| 10 Mengalir Apa Adanya

Kemilau terdiam sejenak setelah mendengar suara lelaki itu. “Kemilau!” panggil suara berat yang akrab, membuat Kemy dan Surya spontan menoleh ke sumber suara. Di depan pintu kosan kecil itu, seorang pria berpenampilan urakan berdiri dengan wajah penuh tanya.

"Abang?" Kemy berseru sambil berjalan ke arahnya. Raut wajahnya menyiratkan keterkejutan. “Kok datang sekarang? Kirain besok,” lanjutnya setengah mengomel.

Pria itu adalah Cakrawala, kakak laki-laki Kemy yang selama ini lebih banyak menghabiskan waktunya jauh dari Jakarta. Ia menatap tajam ke arah Surya. "Dia siapa?" tanya Cakra, dengan nada yang jelas-jelas tidak ramah.
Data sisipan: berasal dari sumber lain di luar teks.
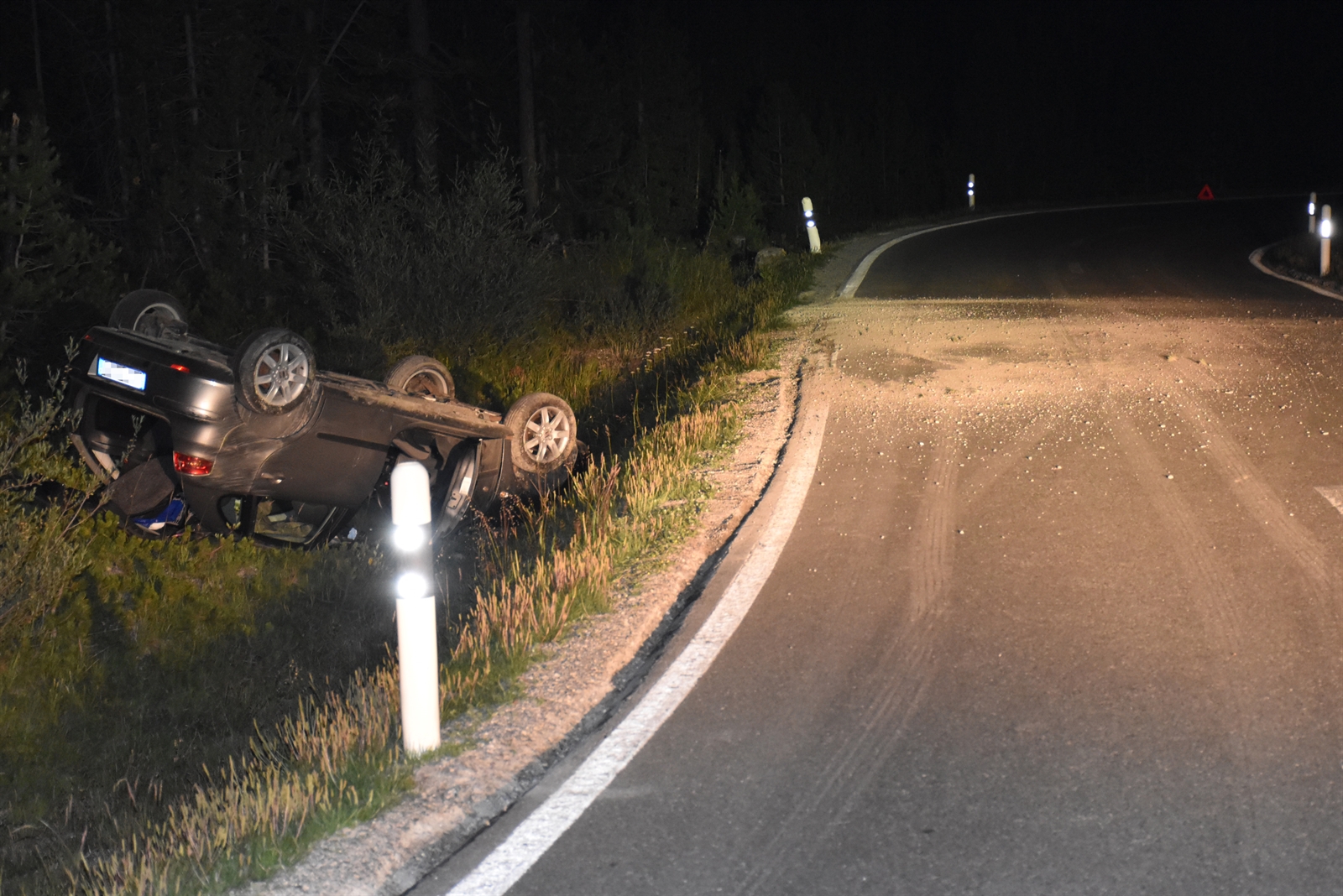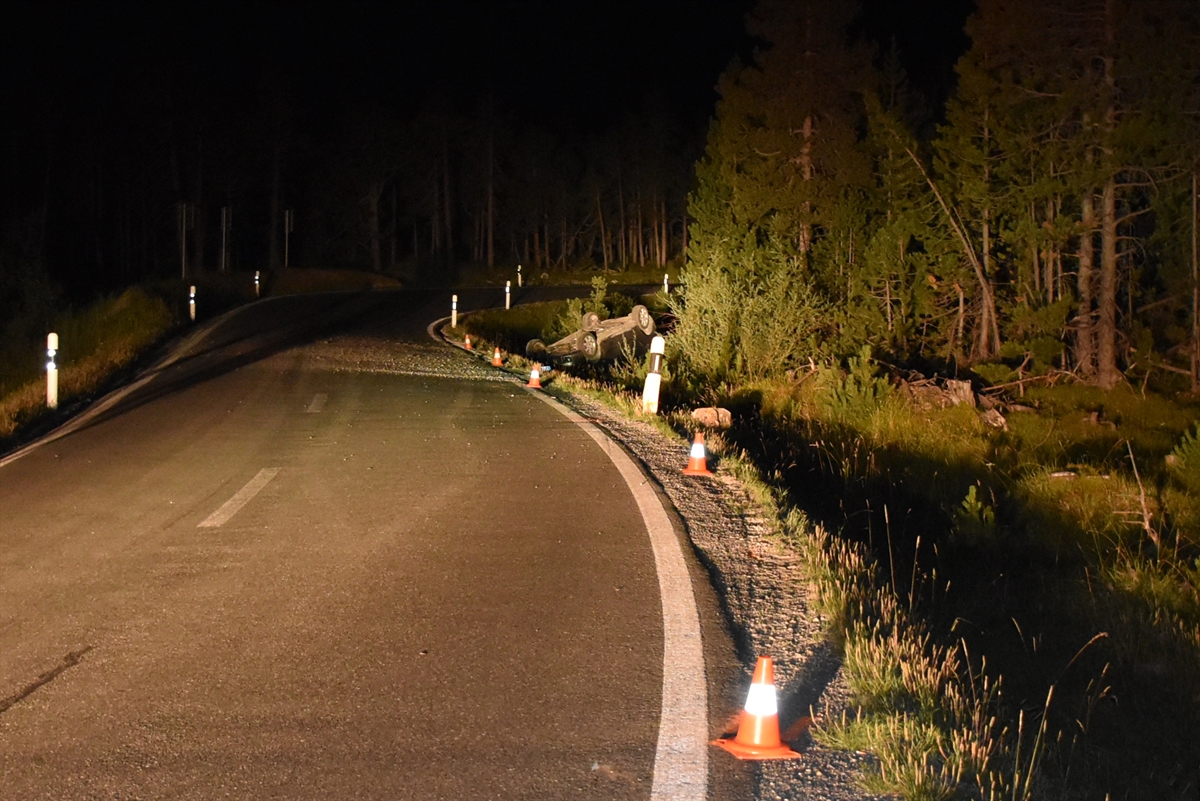 Der 28-jährige italienische Automobilist fuhr am Donnerstag kurz nach 23.30 Uhr auf der Ofenbergstrasse H28 von Tschierv in Richtung Hospiz. In einer Linkskurve geriet das Auto rechts über die Strasse hinaus. In der angrenzenden Böschung überschlug es sich auf das Dach und kam total beschädigt zum Stillstand. Der unverletzte Autolenker konnte sein Fahrzeug selbständig verlassen. Gemäss seiner Aussage musste er einem Reh ausweichen. Die bei ihm durchgeführte beweissichere Atemalkoholprobe fiel positiv aus.

Surya mengerti situasi yang tengah berkembang. Ia pun turun dari motornya, berjalan mendekat dengan senyum sopan. "Apa kabar, Bang?" tanyanya, sembari mengulurkan tangan untuk berjabat.

Cakra menyambutnya dengan senyum tipis, sekarang dia ingat siapa sosok lelaki yang bersama dang adik. Lalu mencengkram tangan Surya dengan kuat. "Masih hidup, lo?" balas Cakra sinis.

Surya tertawa kecil, walau sebenarnya terasa getir. “Sentuhan kulit gue masih panas, artinya masih hidup, Bang,” sahutnya, berusaha terdengar santai.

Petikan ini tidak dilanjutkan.